Su Ray (Chiwetel Ejiofor) pesa una sentenza non troppo dissimile; il senso di colpa per aver avuto un ruolo - anche se perfettamente innocente - nella dinamica dell'omicidio, l'affetto per Jess, la frustrazione del suo ruolo di custode della legge impossibilitato a fare giustizia e costretto a lasciare libero nel mondo un mostro gli ha imposto un'esistenza a metà, spesa nel tentativo di rimediare ad ogni costo. L'altra condanna di Ray è quella al rimpianto per quella confessione d'amore mai fatta a una donna considerata troppo bella, troppo preparata, troppo ambiziosa. L'unica ad andare avanti con la sua vita e la sua carriera del trio di protagonisti de Il segreto dei suoi occhi è proprio la Claire di Nicole Kidman, che pure fa tesoro dell'esperienza umana e professionale, conserva con tenerezza il ricordo di un amore inespresso. Un personaggio forse meno stratificato di quelli interpretati da Roberts e Ejiofor ma comunque decisamente ammaliante, anche grazie all'allure ritrovato dell'attrice australiana, che dà il suo meglio nella scena sorprendente in cui Claire provoca con temerarietà e scaltrezza l'assassino.
Il fascino dell'originale
Con interpreti di questa caratura (ma sono da elogiare anche in comprimari, in primis Dean Norris e Michael Kelly) e una storia così affascinante, il regista e sceneggiatore Billy Ray - di recente candidato all'Oscar per lo script di Captain Phillips - Attacco in mare aperto - può limitarsi a gestire il materiale senza osare troppo, finendo per dimostrare però una certa mancanza di personalità, soprattutto al cospetto della regia dell'originale.
Se la forza di questo remake, infatti, è soprattutto nella caratterizzazione dei personaggi e nella bravura del cast, il limite maggiore è nella somiglianza con il film del 2009, di cui ripropone molte idee e intere sequenze, e contemporaneamente negli elementi in cui sceglie di discostarsene. Ad esempio, nell'originale a sopravvivere alla vittima non era la madre ma il marito - un uomo che non aveva nessun legame personale con il protagonista interpretato da Ricardo Darín; la rilevanza data al personaggio di Jess, pur fornendo l'occasione a Julia Roberts per dimostrare ancora una volta la sua bravura, impoverisce la storia di alcune delle sue suggestioni e banalizza la missione e l'ossessione dell'eroe. Nel complesso, inoltre, il film di Campanella metteva meglio a frutto le connotazioni del contesto storico per creare un'atmosfera ad un tempo malinconica e minacciosa, ed era più potente nelle scene di impatto visivo ed emotivo.

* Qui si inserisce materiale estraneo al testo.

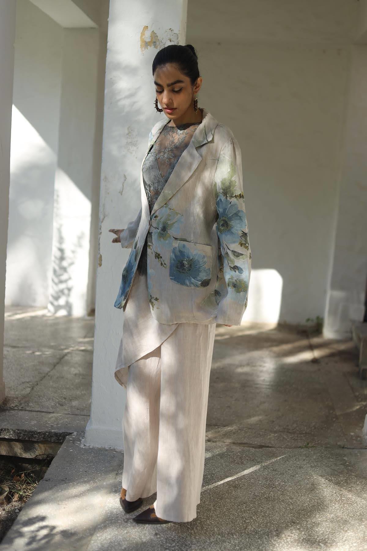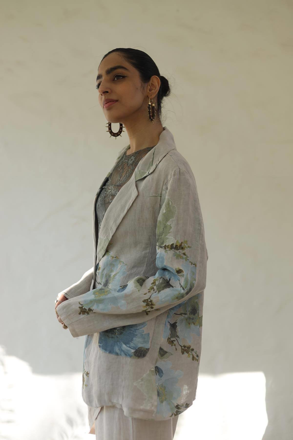 Krem Rengi Desenli Tek Düğmeli Keten Ceket

Il segreto dei suoi occhi è dunque un film equilibrato, emozionante e ben interpretato; ma, anche se è comprensibile la ragione per cui Hollywood sforna remake di opere non in lingua inglese e che quindi non arrivano al grande pubblico, difficilmente il film potrà esaltare chi conosce il film argentino cui resta fin troppo debitore.